Internally, all coordinates and numeric parameters are stored as decimal.Decimal:

• Constructors and geometric methods accept int, float, str, or Decimal, and convert to Decimal immediately.
• Arithmetic (translation, scaling, rotation, etc.) is performed in terms of Decimal to retain the decimal representation in an SVG path and avoid binary round-off errors.
• The decimal precision is controlled via Python’s decimal context.

from decimal import localcontext
from svg_path_editor import SvgPath

path = SvgPath("M0 0h10v10z")

# Default precision: 28 digits
# Rotation uses SymPy for high-precision trigonometric functions
rotated = path.rotated(0, 0, -45)
# M 0 0 l 7.071067811865475244008443621 -7.071067811865475244008443621 l 7.071067811865475244008443621 7.071067811865475244008443621 z
print(rotated)
# Precision can be reduced when printing
# M 0 0 l 7.07107 -7.07107 l 7.07107 7.07107 z
print(f"{rotated:.5}")

# The precision can be controlled using `getcontext`/`localcontext`
# Since `Decimal` is a floating-point format, the precision specifies the total
# number of significant digits, not just the number of decimal places
with localcontext() as ctx:
    ctx.prec = 6
    rotated = path.rotated(0, 0, -45)
    # Same output as before, even without explicit precision reduction
    # M 0 0 l 7.07107 -7.07107 l 7.07107 7.07107 z
    print(rotated)

🧹 Path Optimization

optimize_path rewrites a path into an equivalent but more compact form and operates out-of-place:

from svg_path_editor import SvgPath, optimize_path

path = SvgPath("M-15 14s5 7.5 15 7.5 15-7.5 15-7.5 z")

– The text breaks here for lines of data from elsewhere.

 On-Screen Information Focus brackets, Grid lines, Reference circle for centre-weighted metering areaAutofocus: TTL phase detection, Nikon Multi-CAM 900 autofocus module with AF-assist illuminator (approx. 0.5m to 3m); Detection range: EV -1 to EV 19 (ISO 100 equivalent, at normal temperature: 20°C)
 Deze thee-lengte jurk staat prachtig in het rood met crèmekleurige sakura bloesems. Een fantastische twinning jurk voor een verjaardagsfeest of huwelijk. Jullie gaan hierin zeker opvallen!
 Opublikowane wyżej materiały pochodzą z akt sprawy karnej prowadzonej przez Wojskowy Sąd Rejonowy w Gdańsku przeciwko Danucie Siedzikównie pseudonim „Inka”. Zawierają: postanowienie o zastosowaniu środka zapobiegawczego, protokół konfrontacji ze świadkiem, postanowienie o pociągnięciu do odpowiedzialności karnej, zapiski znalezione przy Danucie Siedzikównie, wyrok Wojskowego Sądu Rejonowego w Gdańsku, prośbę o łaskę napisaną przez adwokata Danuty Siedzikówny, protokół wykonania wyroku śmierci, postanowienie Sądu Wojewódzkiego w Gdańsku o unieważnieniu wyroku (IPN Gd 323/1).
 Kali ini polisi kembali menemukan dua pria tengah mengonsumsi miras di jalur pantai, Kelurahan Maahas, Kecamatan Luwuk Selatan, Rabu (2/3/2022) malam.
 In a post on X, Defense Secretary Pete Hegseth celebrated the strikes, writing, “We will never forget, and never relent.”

optimized = optimize_path(
    path,
    # Remove redundant M/Z or degenerate L/H/V.
    remove_useless_commands=True,
    # Remove empty closed subpaths (M immediately followed by Z).
    remove_orphan_dots=True,
    # Convert eligible C/Q to S/T.
    use_shorthands=True,
    # Replace L with H/V where possible.
    use_horizontal_and_vertical_lines=True,
    # Choose relative/absolute per command to minimize size.
    use_relative_absolute=True,
    # Try reversing path direction if it reduces output length.
    # This may change the appearance of stroked paths!
    use_reverse=True,
    # Convert final line segments that return to start into Z.
    # This may change the appearance of stroked paths!
    use_close_path=True,
)

# More readable form
# M -15 14 s 5 7.5 15 7.5 S 15 14 15 14 z
print(optimized)
# Minified form
# M-15 14s5 7.5 15 7.5S15 14 15 14z
print(f"{optimized:m}")

🧪 Testing

This project includes pytest-based tests that cover the entire code base with 100% code coverage.

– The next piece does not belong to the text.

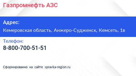 Газпромнефть, АЗС по адресу Кемеровская область, Анжеро-Судженск, Кемсеть, 1в в дальнейшем Организация, размещена в следующих категориях: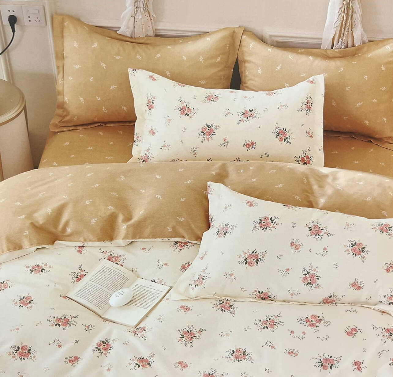 • Komplet pościeli bawełnianej beżowo-kremowej w kwiaty w rozmiarze 180x200!

The development dependencies can be installed via the dev optional group:

pip install .[dev]

All tests (including coverage reporting using pytest-cov) can then be run from the project root:

pytest --cov

📜 License

This library is licensed under the terms of the Mozilla Public License 2.0, provided in License. The original TypeScript library is licensed under the Apache License, Version 2.0, provided in LicenseYqnn.